*** Opening Records supplied ***
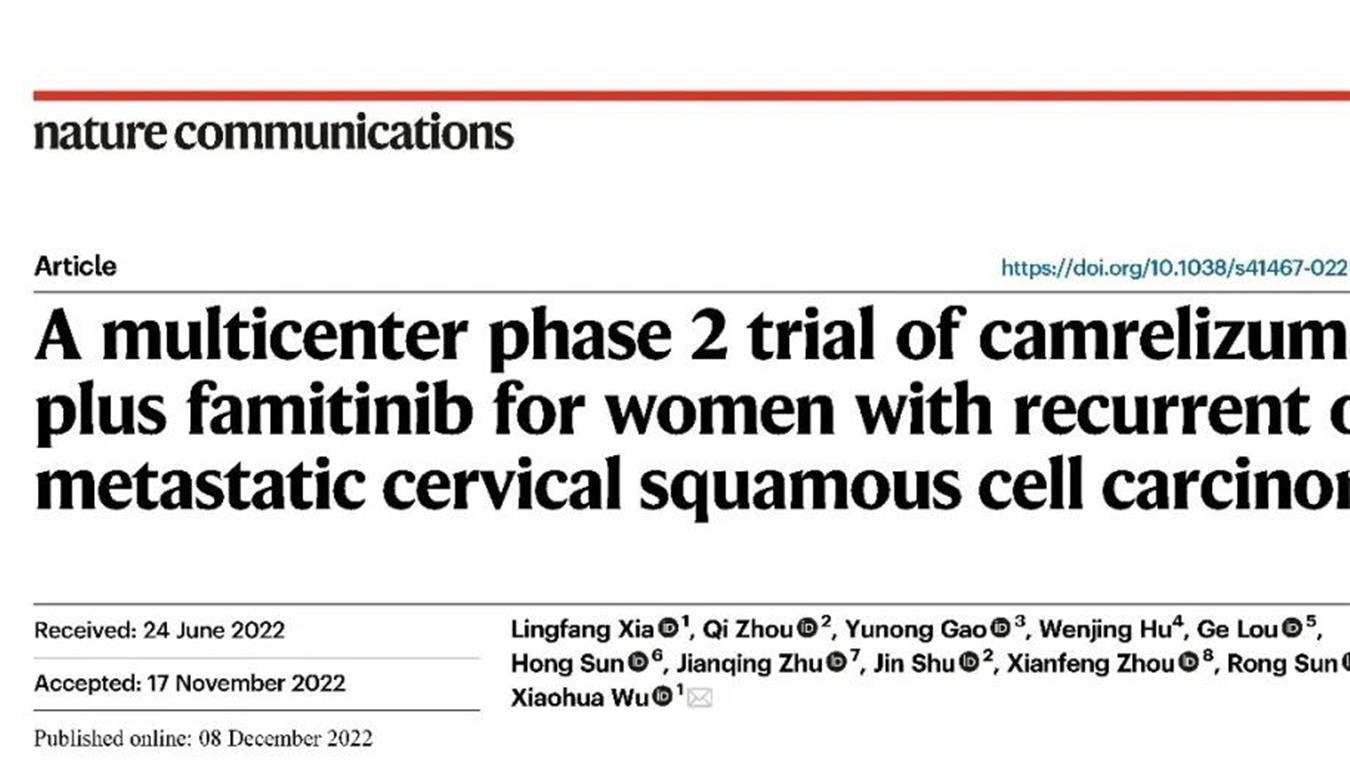 IM电竞创新药卡瑞利珠单抗联合法米替尼用于复发或转移性宫颈癌研究结果荣登JCO
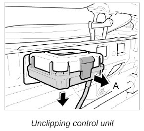 1. Unclip control unit from the holder -A-.
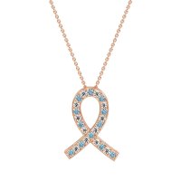 This Aquamarine and Lab Diamond Necklace is casted in 14K Rose Gold. This Women’s Fashion necklace features exceptionally fine gemstones, on par with those found in the world's most exclusive boutiques and among the top 10% available globally. Ribbon-shaped Pendant Pavé-set with Numerous Small, Round Stones. A Delicate And Meaningful Design. This necklace comes with a complimentary 18-inch chain. Enjoy the confidence of our 30-day, stress-free return policy—with return shipping fully covered. Each piece is also accompanied by a Lifetime Warranty, ensuring lasting beauty and peace of mind.
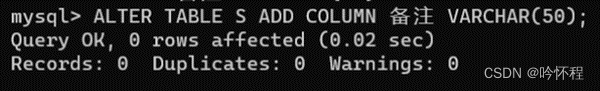 5、使用 SQL 语句 ALTER TABLE 为 S 表添加一个名为“备注”的数据列,其数据类型为 varchar(50)。
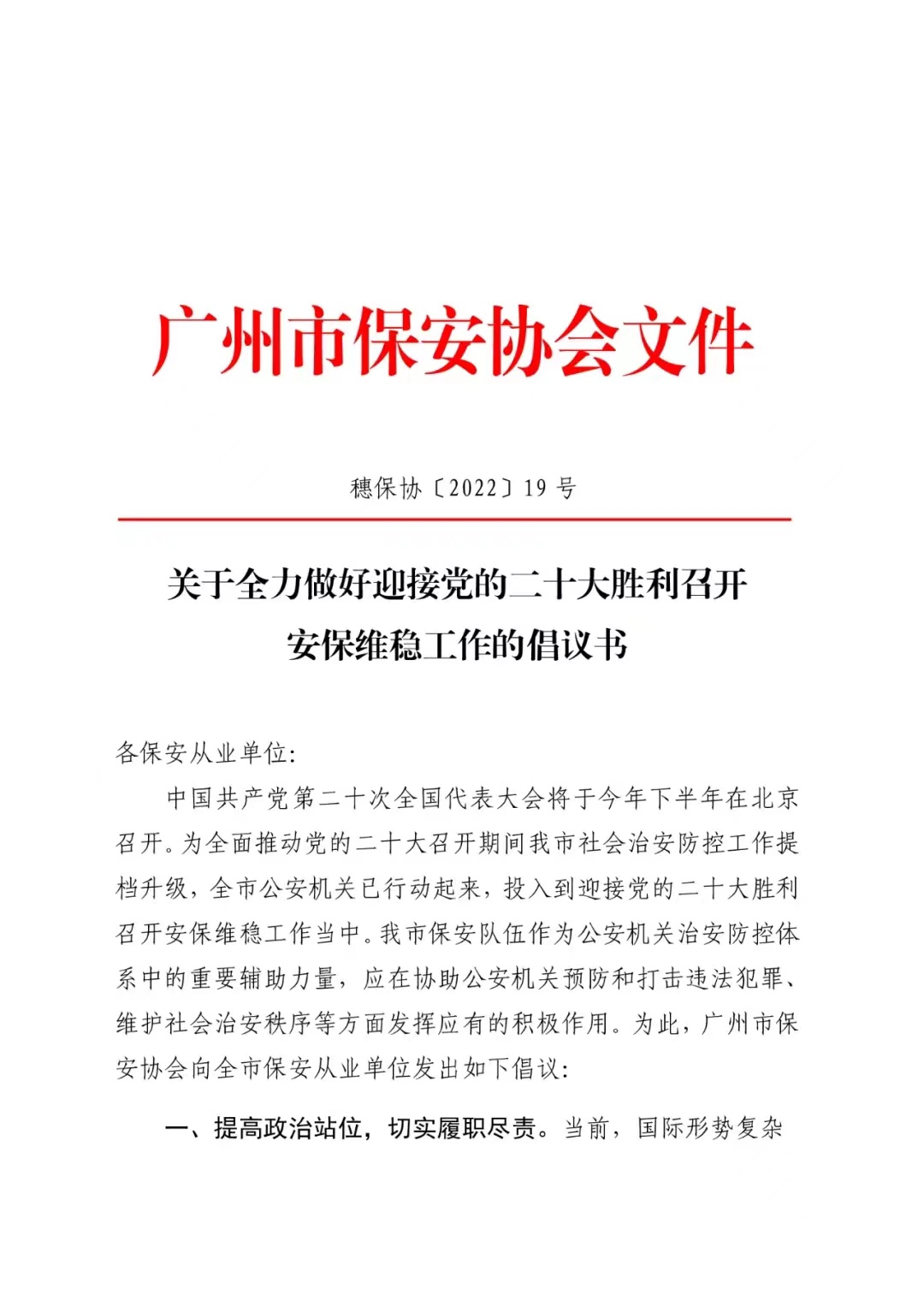 全力做好党二十大胜利召开安保维稳工作倡议书
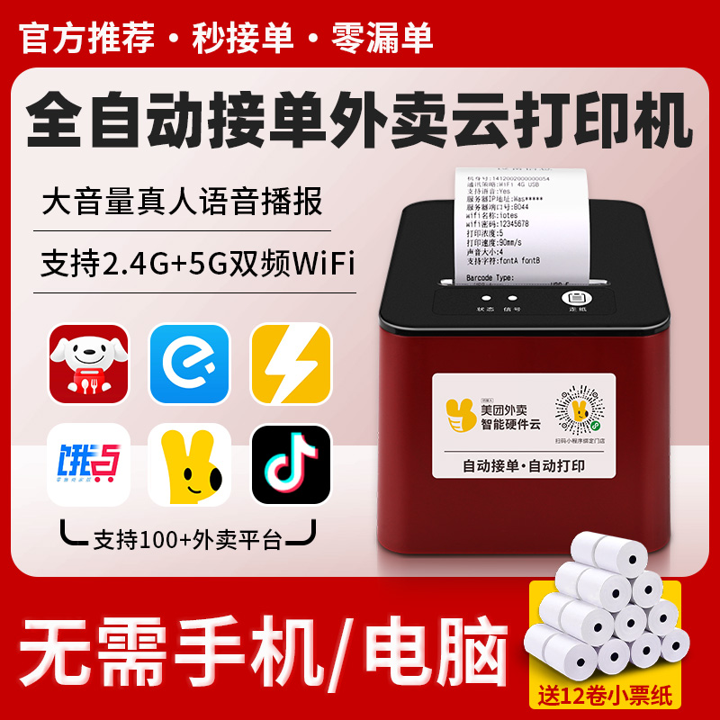 外卖打印机美团饿了么抖音京东自动接单小票机wifi自动切纸蓝牙4G餐饮商家收银热敏票据云打印出单神器打单机
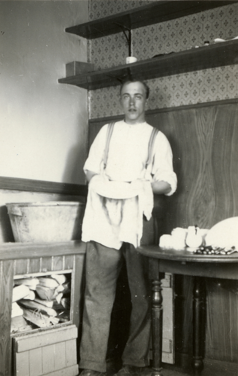 Text i fotoalbum: "Brobyggnad i Storvreta under mötet 1931. Våra kockar lagade bra mat".
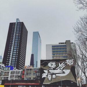 The first impression when we walked outside the station gave a pretty good impression of the rest of Rotterdam. Lot’s of high (from what height equals ‘high’ ‘skyscraper’?) and modern buildings, with open spaces in between. We headed to the ‘Luchtsingel’ first. It is a footbridge, but we stayed at the beginning of the bridge. Not because we were not curious to see where it goes, but because the weather decided to be a big disappointment for the rest of the morning … The area around the Luchtsingel was neglected for years, but a revaluation is going on, meaning alternative shops and alternative art. Just as we like it, but a thorough research will be for a warmer and dryer day.
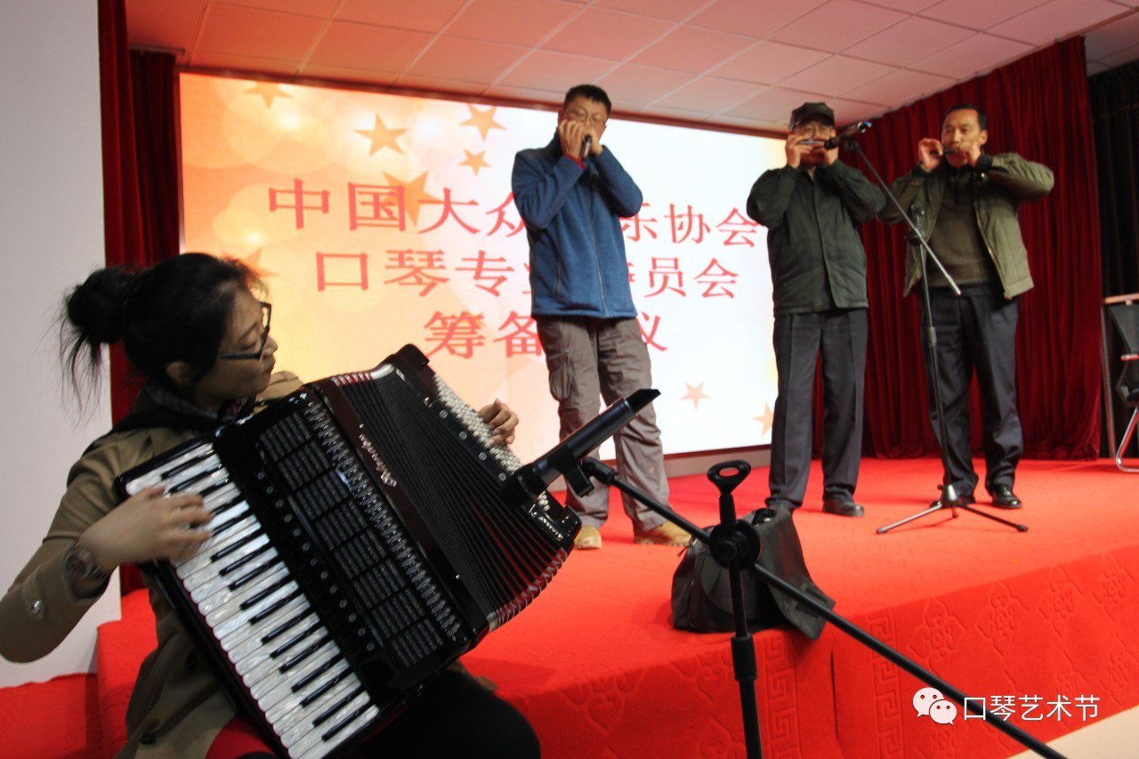 This is Yu Lingling, the Secretary General of the Chinese popular Music Association, played an accordion,There are three piano friends playing harmonica , perfect cooperation.
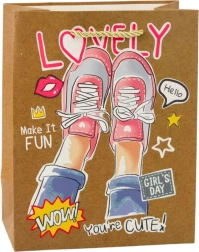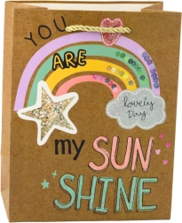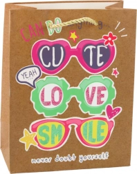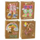 Taška sa vyznačuje štyrmi rôznymi motívmi, každý očarujúci živými farbami a pozitívnymi heslami, ktoré podčiarkujú mladistvý a optimistický charakter. Silné povrazové uši zabezpečujú pohodlné prenášanie a sú farebne zladené s dizajnom. Taška o rozmeroch 23 x 18 x 10,5 cm je ideálna na balenie stredných a menších darčekov, ako sú kozmetika, doplnky, knihy alebo sladkosti.
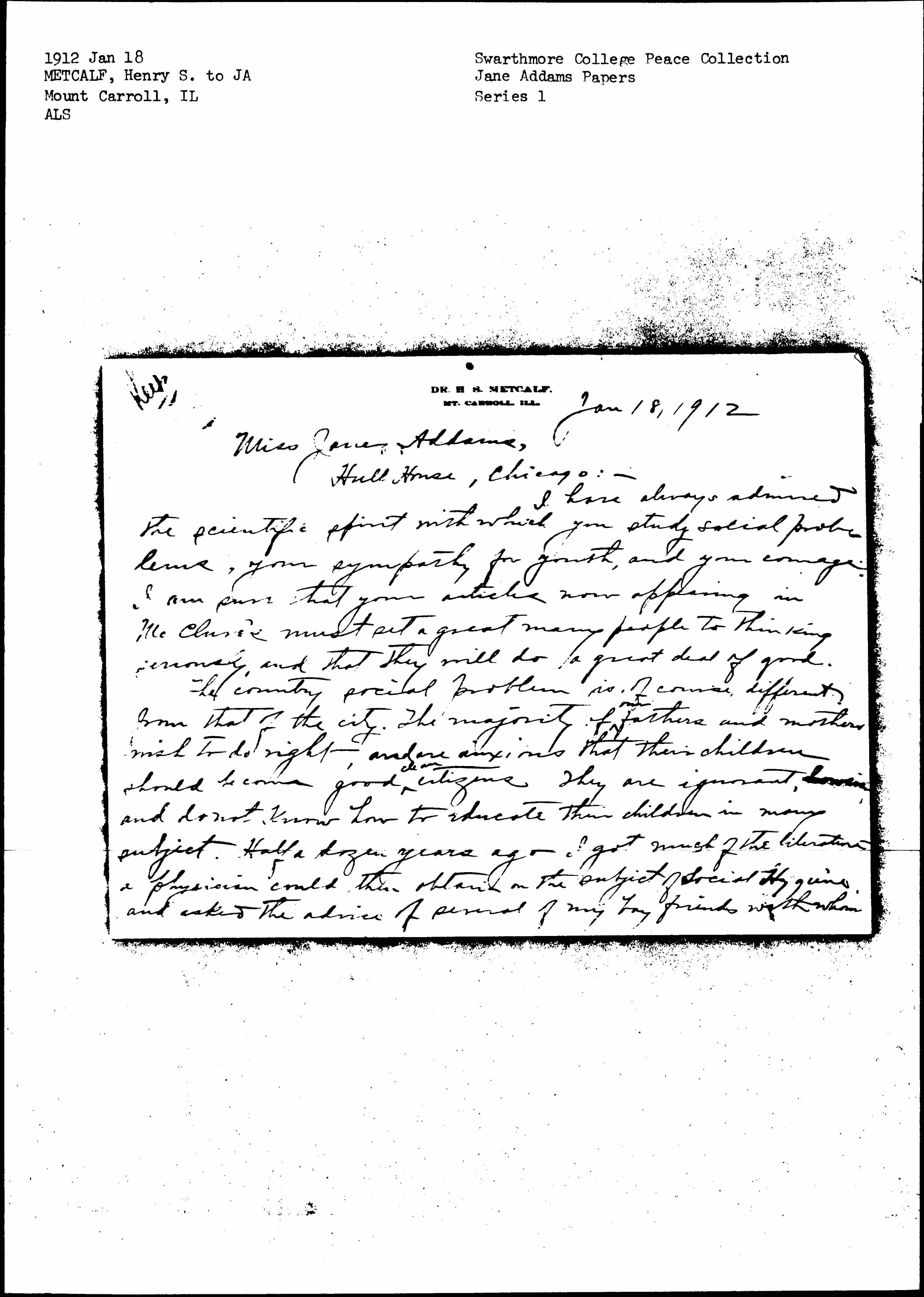 The country social problem is, of course, different from that of the city. The majority of <our> fathers and mothers wish to do right, and are anxious that their children should become good <clean> citizens. They are ignorant, however, and do not know how to educate their children in many subject. Half a dozen years ago I got much of the literature a physician could then obtain on the subject of Social Hygiene and asked the advice of several of my boy friends with whom [page 2] I was intimate socially and as their family doctor. We decided that Dr. [Willson's] University of Penn. address (I have sent you a copy) was the most easily understood <and> was the work of a man of high ideals, and that it would appeal to youth. The young men said, however, that it was too long; for most high school boys of eighteen would perhaps read from pages, but not twelve.
*** Closing Records supplied ***
*Work task:* I'd like the lines above repeated exactly, from the one that contains "全力做好党二十大胜利召开安保维稳工作倡议书" through the one that contains "Taška sa vyznačuje", with no pictures.

*Solution to the problem:*
 全力做好党二十大胜利召开安保维稳工作倡议书
 外卖打印机美团饿了么抖音京东自动接单小票机wifi自动切纸蓝牙4G餐饮商家收银热敏票据云打印出单神器打单机
 Text i fotoalbum: "Brobyggnad i Storvreta under mötet 1931. Våra kockar lagade bra mat".
 The first impression when we walked outside the station gave a pretty good impression of the rest of Rotterdam. Lot’s of high (from what height equals ‘high’ ‘skyscraper’?) and modern buildings, with open spaces in between. We headed to the ‘Luchtsingel’ first. It is a footbridge, but we stayed at the beginning of the bridge. Not because we were not curious to see where it goes, but because the weather decided to be a big disappointment for the rest of the morning … The area around the Luchtsingel was neglected for years, but a revaluation is going on, meaning alternative shops and alternative art. Just as we like it, but a thorough research will be for a warmer and dryer day.
 This is Yu Lingling, the Secretary General of the Chinese popular Music Association, played an accordion,There are three piano friends playing harmonica , perfect cooperation.
 Taška sa vyznačuje štyrmi rôznymi motívmi, každý očarujúci živými farbami a pozitívnymi heslami, ktoré podčiarkujú mladistvý a optimistický charakter. Silné povrazové uši zabezpečujú pohodlné prenášanie a sú farebne zladené s dizajnom. Taška o rozmeroch 23 x 18 x 10,5 cm je ideálna na balenie stredných a menších darčekov, ako sú kozmetika, doplnky, knihy alebo sladkosti.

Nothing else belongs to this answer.